Search

Question

What problem with NeRFs does Mip-NeRF solve?

Answer 1

The original NeRF's rendering procedure can lead to aliasing artifacts when rendering content from multiple resolutions (e.g. zoomed in or out).

Answer 2

Mip-NeRF extends NeRF to represent the scene at a continuously-valued scale, By efficiently rendering anti-aliased conical frustums instead of rays.

overview

Answer 3

The conical frustrums are approximated with multivariate Gaussians.

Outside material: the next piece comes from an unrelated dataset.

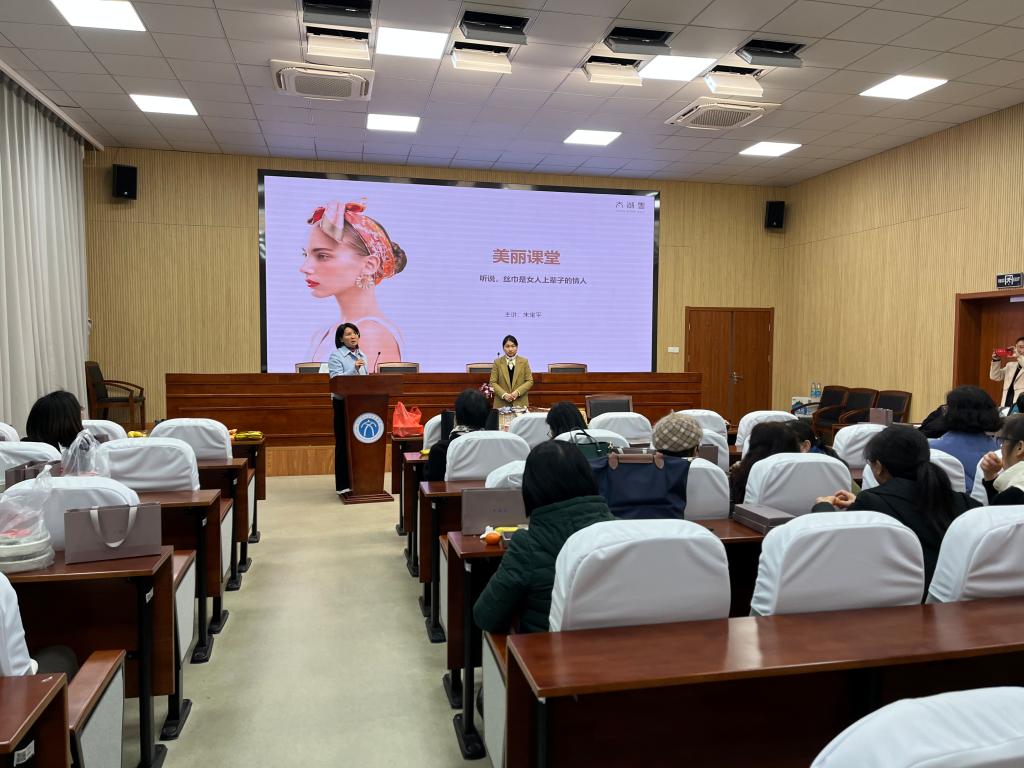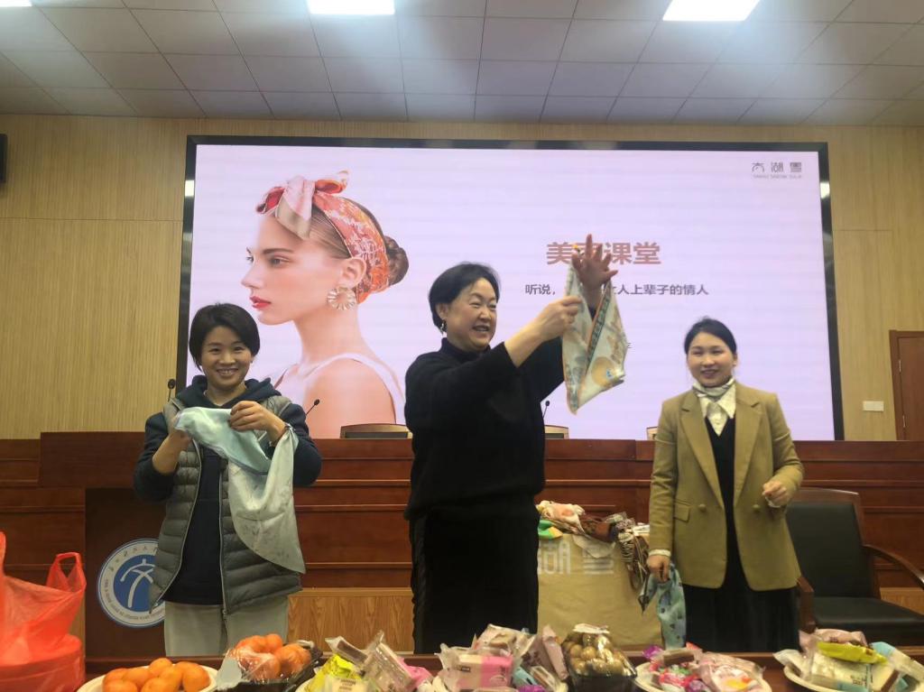 在专业老师的鼓励下,大家主动上台展示自己独创的丝巾系法,共同交流丝巾的保养方法,如冷水手洗,阴凉处晾干等小妙招。活动现场欢声笑语,洋溢着节日的气氛。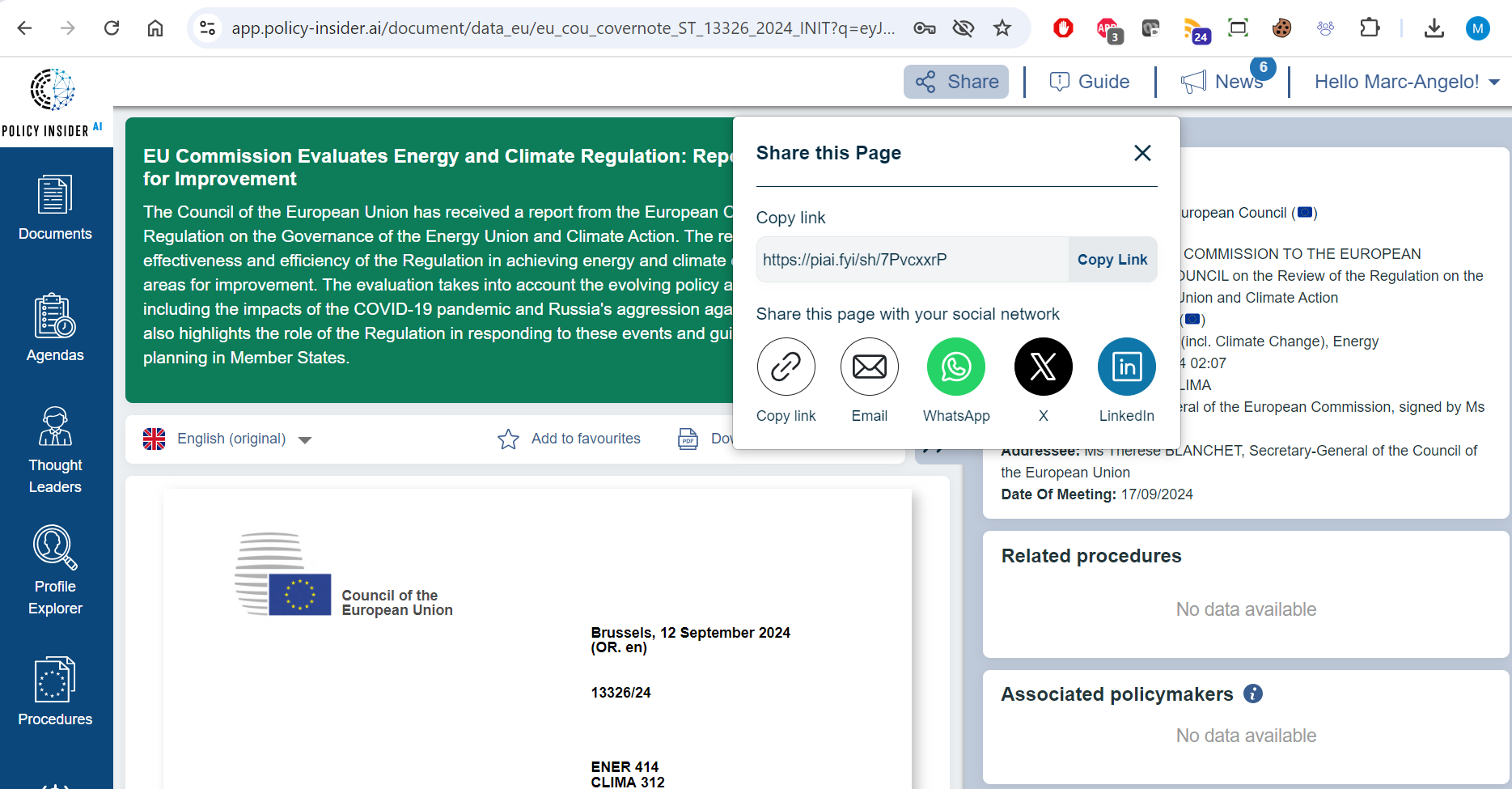 We are excited to introduce the latest update on welcome.policy-insider.ai/: our brand-new sharing function. Now, you can easily share a variety of content, including documents, procedures, profiles, and events, with just a click! As shown in the screenshot below, users can share content across multiple platforms like email, WhatsApp, LinkedIn, and more. Simply copy the link or use your favorite social network to distribute crucial policy information.

These gaussians are fully characterized by the mean distance along the ray \(\mu_t\), the variance along the ray \(\sigma^2_t\) and the variance perpendicular to the ray \(\sigma^2_r\).
\[\mu_t = t_\mu + \frac{2 t_\mu t_\delta^2}{3 t_\mu^2 + t_\delta^2}\]
\[\sigma_t^2 = \frac{t_\delta^2}{3} -\frac{4 t_\delta^4 (12 t_\mu^2 - t_\delta^2)}{15 (3 t_\mu^2 + t_\delta^2)^2}\]
\[\sigma_{r}^2 = r^2 \left( \frac{t_\mu^2}{4} + \frac{5 t_\delta^2}{12} - \frac{4 t_\delta^4}{15 (3 t_\mu^2 + t_\delta^2)} \right)\]with \(t_\mu = (t_{\text{start}} + t_{\text{end}})/2\) and \(t_\delta = (t_{\text{end}} + t_{\text{start}})/2\) and the radius \(r\) the width of the pixel in world coordinates scaled by \(2/\sqrt{12}\).
Applying this to a ray gives the final guassian characteristics:
\[\mathbf{\mu} = \mathbf{o} + \mu_t\mathbf{d}, \Sigma = \sigma^2_t(\mathbf{dd}^\top) + \sigma^2_r \left( \mathbf{I} - \frac{\mathbf{dd}^top}{||\mathbf{d}||^2_2} \right)\]

Answer 4

The multivariate Gaussians are transformed to integrated positional encodings (IPE).
This is the expected value of the positional encodings of samples from mulitvariate Gaussian.
\[\begin{align} \gamma(\boldsymbol{\mu}, \Sigma) &= \mathbb{E}_{\mathbf{x} \sim \mathcal N(\boldsymbol{\mu}_\gamma, \Sigma\gamma)}\left[\gamma(\mathbf{x})\right] \\ &= \begin{bmatrix} \sin(\boldsymbol{\mu}_\gamma) \circ \exp\left(-(\frac{1}{2}) \operatorname{diag}\left(\Sigma_\gamma\right)\right) \\ \cos(\boldsymbol{\mu}_\gamma) \circ \exp\left(-(\frac{1}{2}) \operatorname{diag}\left(\Sigma_\gamma\right)\right)\end{bmatrix} \end{align}\]